Однажды Савинин занемог. Валевич, жертвуя своими привычками, ни на минуту не покидал его изголовья. Товарищи навещали больного по вечерам. Полковник иногда вмешивался в их беседу. Однажды она обратилась на военные известия из Испании. Гусары наши единодушно скучали миром и завидовали гидальгосам в счастливом случае порубиться и прославиться на поле брани. Всех воспламененнее был Савинин, несмотря на свою болезнь. В войне, как в любви, неопытные всегда нетерпеливы и пылки. Они готовы душу отдать первым глазкам, посулившим участие. Они готовы бросить жизнь свою первой пуле, просвиставшей над головою. Им сказали, что любовь и слава лучшие дары существования, и, чтобы присвоить эти дары, чтобы насладиться ими, они стремятся навстречу событиям, презирая неудачи и препоны. Как жаль, что этот жар непродолжителен; что обман рассевает чад любви, а ветер уносит дым пороха; что от первой опохмеляются, а от последнего можно закоптеть!.. Но это общий закон всего: прелестнейший из всех цветов весны, цвет сирени, живет только неделю, а сосны и ели не знают увядания…

Увлеченный в тридесятый край своих любимых мечтаний, резвый Савинин живо выражал свое горе, и упрекал судьбу, что он не был еще обстрелян вражьим огнем.

— Вот, господа, — говорил он, — вы все счастливее меня: вы переходили за Балканы, вы брали Варшаву, некоторые даже и в Персию прошли победительным походом… а я?.. Полтора года служу — и неприятеля в глаза не видывал!.. Ведь надобно же быть такой беде, что я не умел родиться пятью годами прежде!

— Ну, Савинин, — отвечали ему, — ты скоро вымолишь нашествие татар, чтобы было с кем повоевать.

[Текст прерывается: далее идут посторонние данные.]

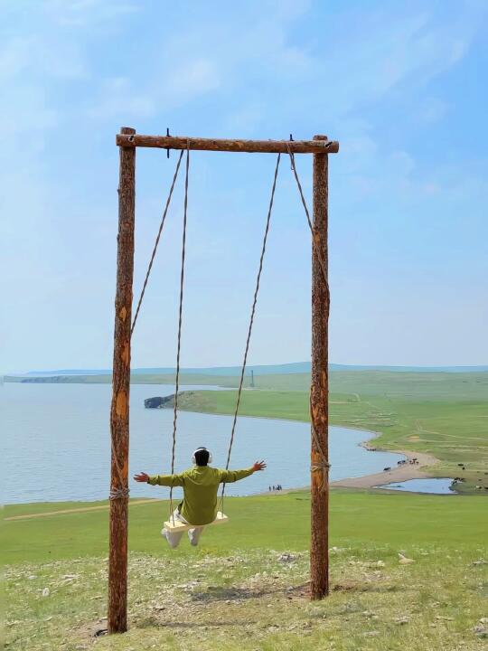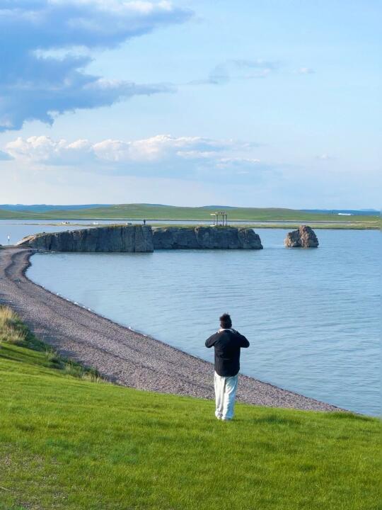 真的没骗我,竟然在呼伦贝尔找到了世界尽头 信我呼伦贝尔才能看到一望无际的大草原 草原的尽头真的是大海,有种脱离了现实的感觉 📍定位:成吉思汗拴马庄 🚘自驾:距离满洲里1h车程 🎫门票:免费 🌊呼伦湖晴天下蓝的像大海,草原黑色沙滩,像极了白崖 🌅时问允许,下午5点左右来等晚霞,太阳从草原落下,染红半边天,独属于你的浪漫。 📷穿搭以白色或者黑色,跟这里的高级感更搭。
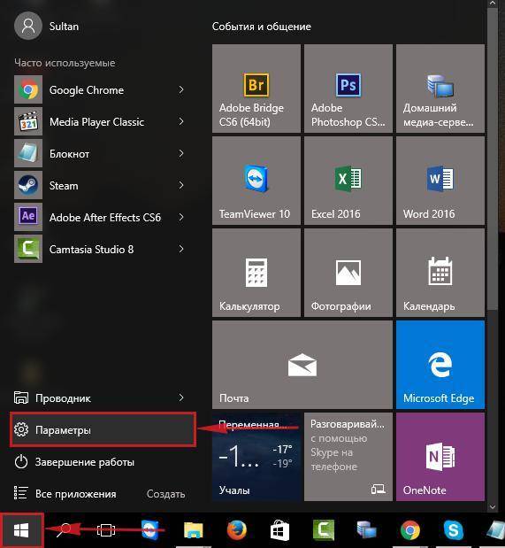 1. Нажимаем на “Пуск” потом “Параметры“.
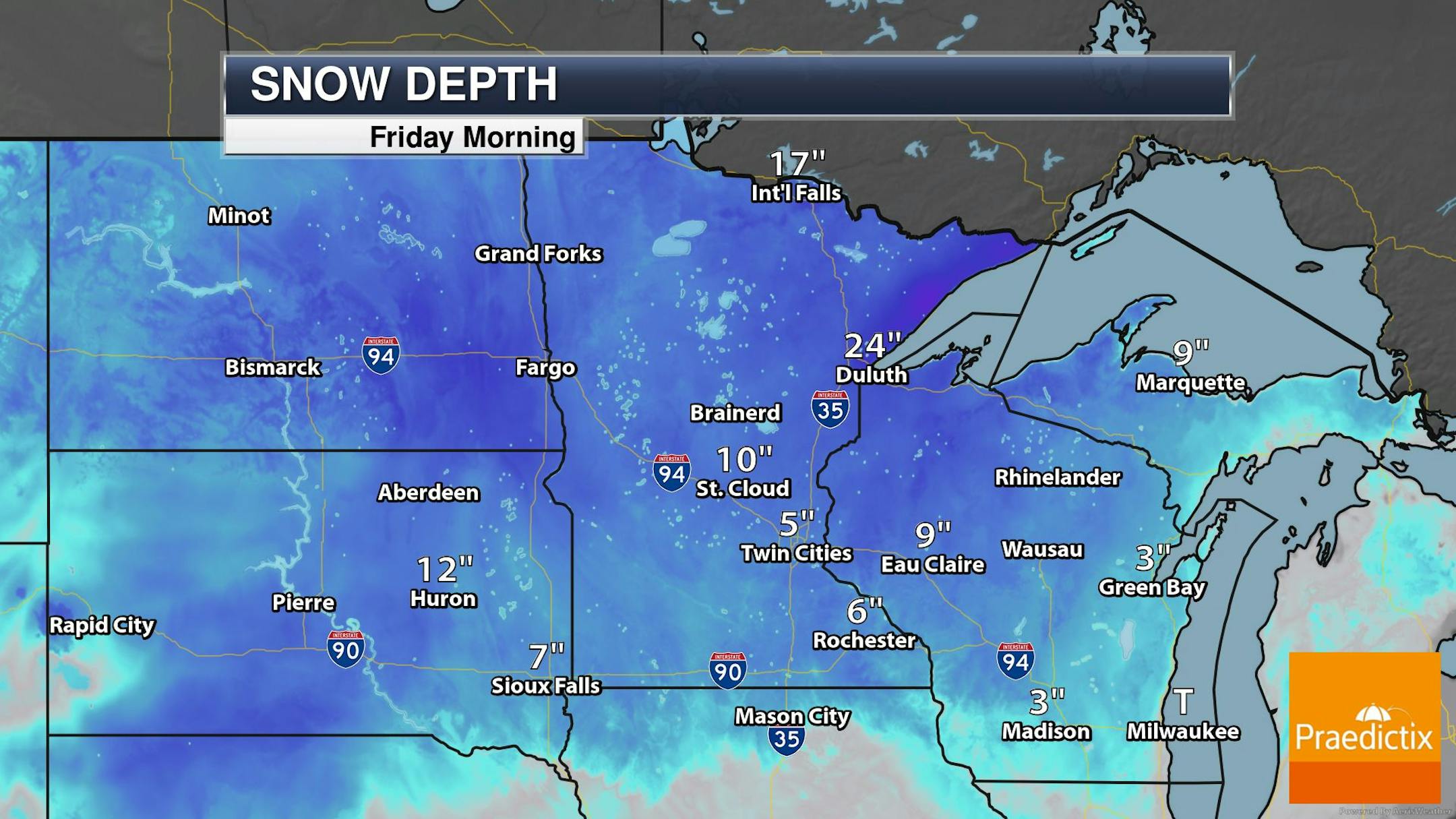 Thanks to our latest storm system, many places are reporting deep snowpack across the region. The heaviest being found across the Dakotas through the northern half of Minnesota into Wisconsin and the UP of Michigan.

— А чем татары не честные враги, достойные нашего оружия? Удальцы, наездники, богатыри, стоят какого-нибудь хвастуна француза! — нахмурился Савинин. — А мне часто такая охота обновить затворницу саблю, что всем сердцем прошу я судьбу послать мне хотя какой-нибудь случай порубиться… хотя бы один поединок!

— Поединок… Безумец! — проговорил отрывисто звучный голос. — На поединок? Ты?.. Тебе пролить кровь товарища, кровь друга… потом… Знаете ли вы, что такое угрызение совести, совести неумолимой, неусыпной совести?.. Понимаешь ли ты, что можно целые годы, целую жизнь протомиться под бременем совести, запятнанной преступлением?

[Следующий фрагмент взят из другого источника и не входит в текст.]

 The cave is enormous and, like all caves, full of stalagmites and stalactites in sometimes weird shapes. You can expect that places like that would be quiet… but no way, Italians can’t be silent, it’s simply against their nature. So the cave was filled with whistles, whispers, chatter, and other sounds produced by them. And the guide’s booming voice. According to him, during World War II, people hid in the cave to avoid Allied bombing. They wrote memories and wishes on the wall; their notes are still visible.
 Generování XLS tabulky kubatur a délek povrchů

Все вздрогнули. В этих словах раздался крик души. Они были произнесены с таким отзывом искренности и горести, что ничья беспечность против них не устояла. Сам Савинин остановился удивленный и схватил руку Валевича.

— Полковник, что с вами

Его обступили. Его умоляли не скрывать долее своей мрачной повести. Среди всех этих молодых людей, пораженных появлением необыкновенного характера с необыкновенными страданиями, он являлся как царь, из уст которого каждый ждет своего приговора. Настоятельно, убедительно просили все его рассказать о своем поединке, ибо никто уже не сомневался, что поединок был вечною тайною его жизни, тайною роковою. Савинин был настойчивее и красноречивее всех. Долго еще защищался Валевич, долго содрогался он при мысли облечь в слова демона, терзавшего сердце его… Наконец, взоры его уныло остановились на молодом питомце. Новая мысль, казалось, возникла в уме его.